> [Assignment] Your copy of the listing should be exact and should contain no pictures.

> [Collected material]
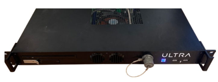
RCMS is an NSA-reviewed and authorized re-key system.
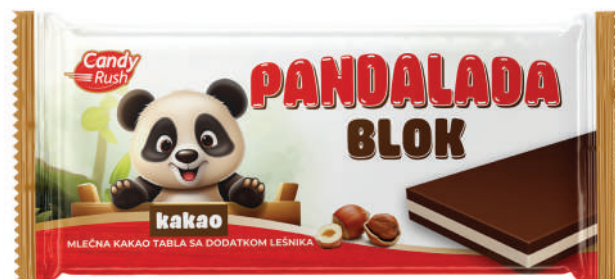
CANDY RUSH PANDALADA BLOK 80g

Blok Pandalada is a premium creamy dessert that combines the richness of cocoa and dairy products into a unique and delicious treat. It is ideal for a quick snack, as an ingredient in various desserts, or simply to enjoy with every bite.
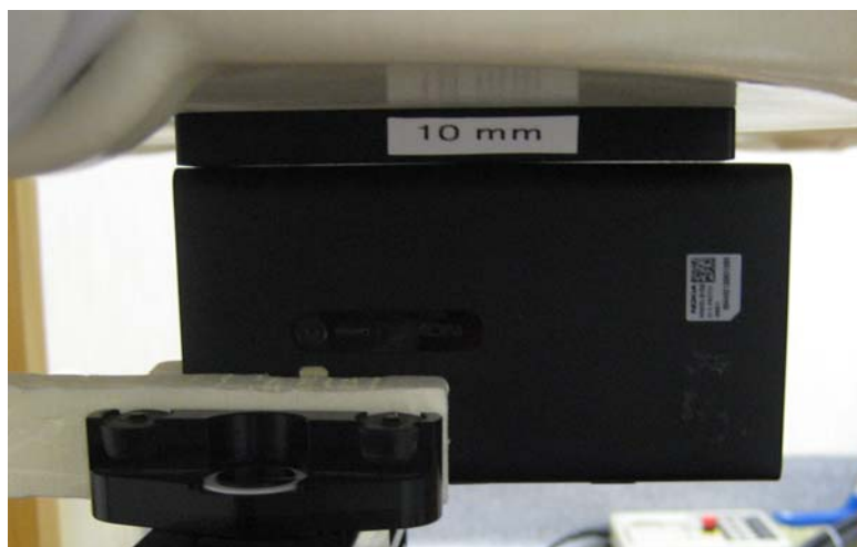
Photo of the device positioned for WR mode measurement – left edge facing phantom. The spacer was removed before the start of the measurements.

> [Answer to this problem]
RCMS is an NSA-reviewed and authorized re-key system.
CANDY RUSH PANDALADA BLOK 80g

Blok Pandalada is a premium creamy dessert that combines the richness of cocoa and dairy products into a unique and delicious treat. It is ideal for a quick snack, as an ingredient in various desserts, or simply to enjoy with every bite.
Photo of the device positioned for WR mode measurement – left edge facing phantom. The spacer was removed before the start of the measurements.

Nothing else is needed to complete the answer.